Re: Strange results with NSDateComponents vs NSCalendarDate
Re: Strange results with NSDateComponents vs NSCalendarDate
- Subject: Re: Strange results with NSDateComponents vs NSCalendarDate
- From: Deborah Goldsmith <email@hidden>
- Date: Mon, 12 Feb 2007 17:50:51 -0800
On Feb 11, 2007, at 6:58 PM, Sean McBride wrote:
The reason they differ is that NSCalendarDate uses the Gregorian
calendar for all of time, even before it was actually adopted.
NSCalendar's version of the Gregorian calendar uses the Julian
calendar before October 4, 1582.
I see! Is this documented? I can't find anything about it.

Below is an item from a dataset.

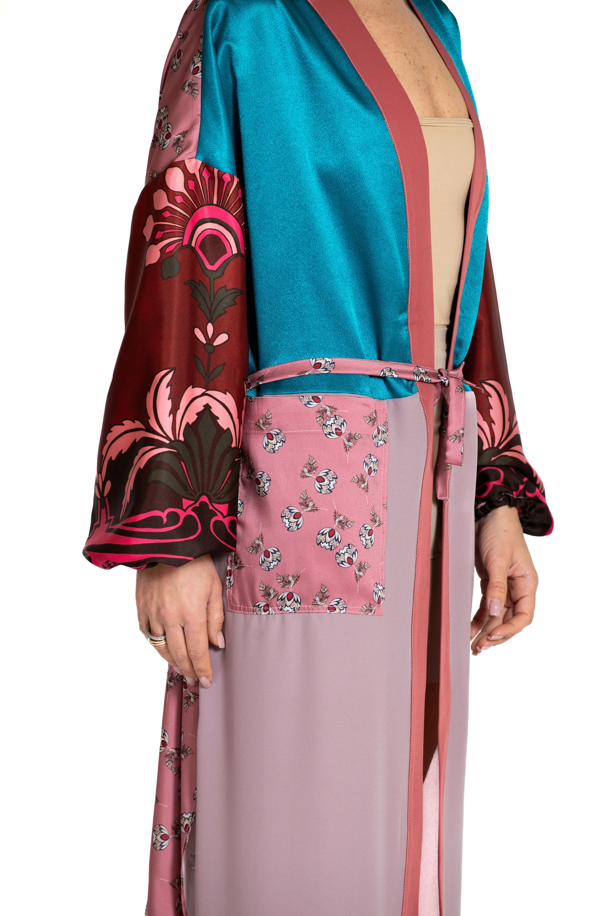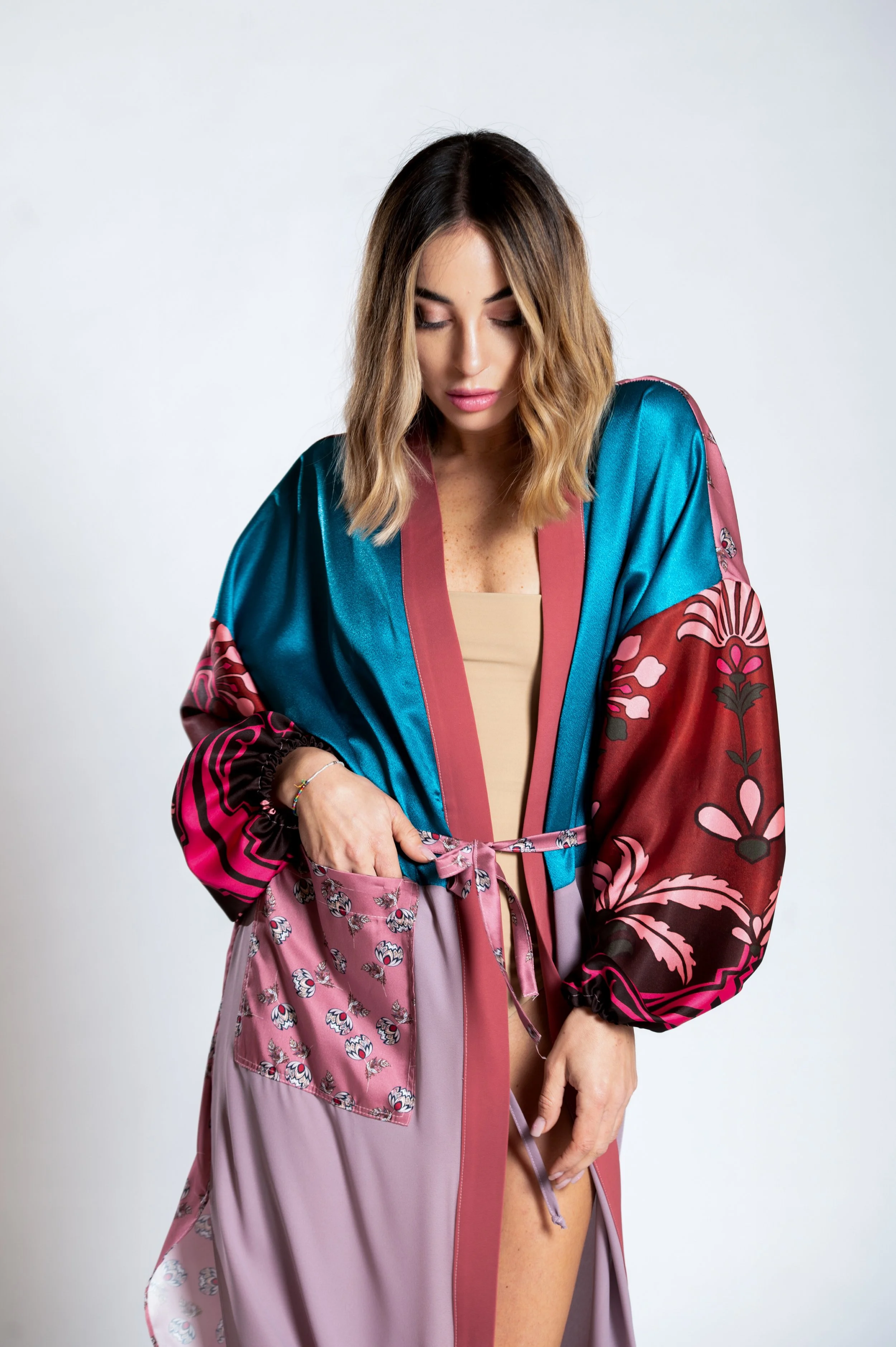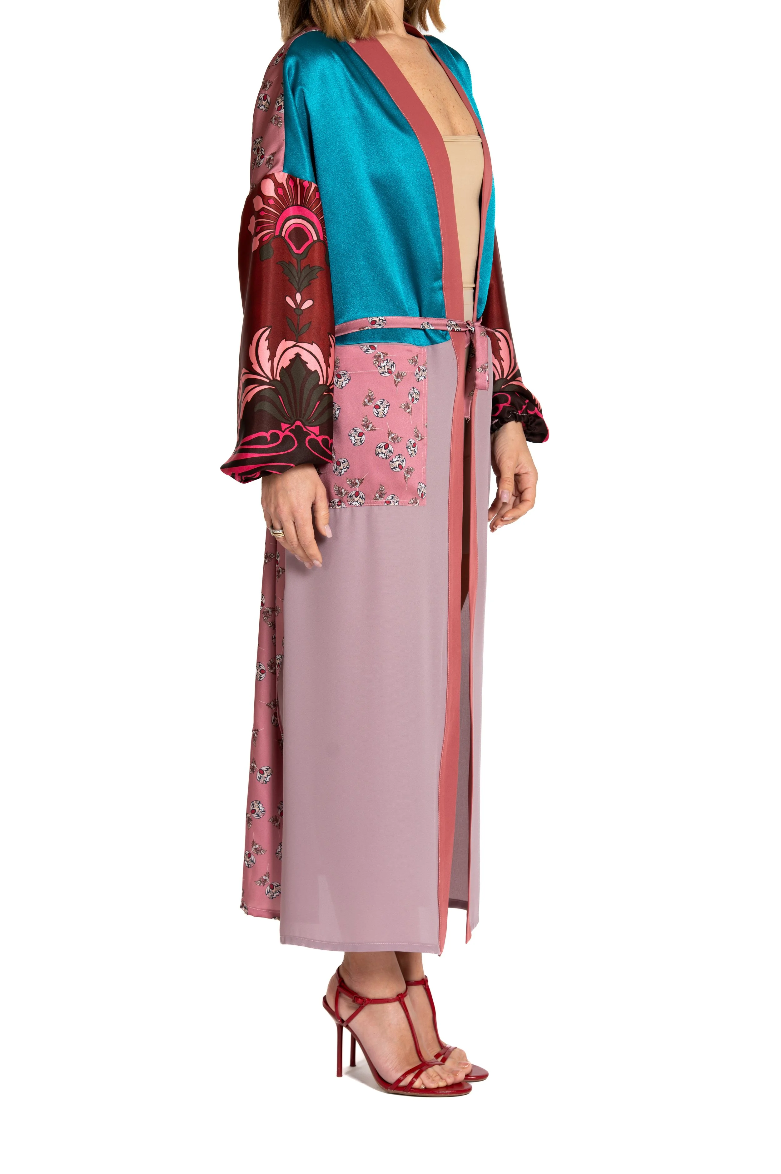 Il kimono Myaurea è l'espressione di un lusso sostenibile, pensato per la donna che vuole indossare qualcosa di unico e originale. Ogni kimono è realizzato a mano, combinando diversi. Le texture e le fantasie variano, ma il risultato è sempre lo stesso: un capo elegante, leggero e dallo spirito libero. Con il suo mood radical chic e la sua sartorialità, il kimono Myaurea non è solo un indumento, ma un simbolo di stile, libertà e sostenibilità. Unico nel design e nella produzione, è il perfetto alleato per ogni occasione, per chi desidera distinguersi con eleganza e consapevolezza.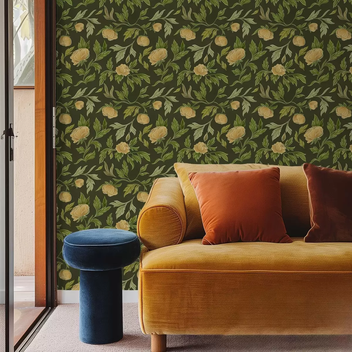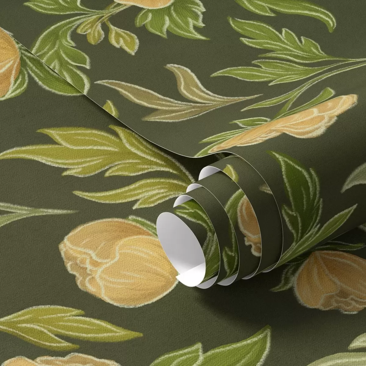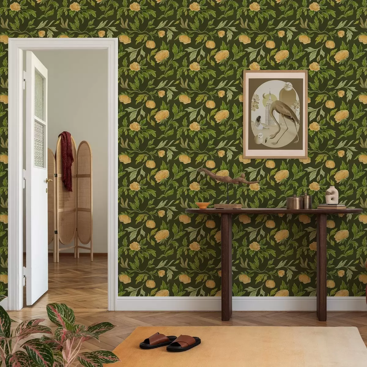 Tapetes Dzeltenas peonijas uz bagātīga tumši zaļa fona Nr. a00942v1

I don't think it's documented anywhere.
Since you're converting from a date
to an absolute time using NSCalendar, and then converting back to a
date using NSCalendarDate (implicitly in the case of your call to
[NSDate description] via NSLog), and you're passing a date that's
around 100 AD, you get a different result. Since the Gregorian and
Julian calendars differ by one day every 400 years, and the date you
give is about 1483 years before the changeover date, you're getting a
difference of three days.
Is there a way to get the pure-Gregorian behaviour with NSCalendar/
NSDateComponents? Or must I use old NSCalendarDate? I was hoping to
purge all NSCalendarDate usage.
The underlying ICU library allows you to choose the calendar cutover
date, but there is no exported API for that.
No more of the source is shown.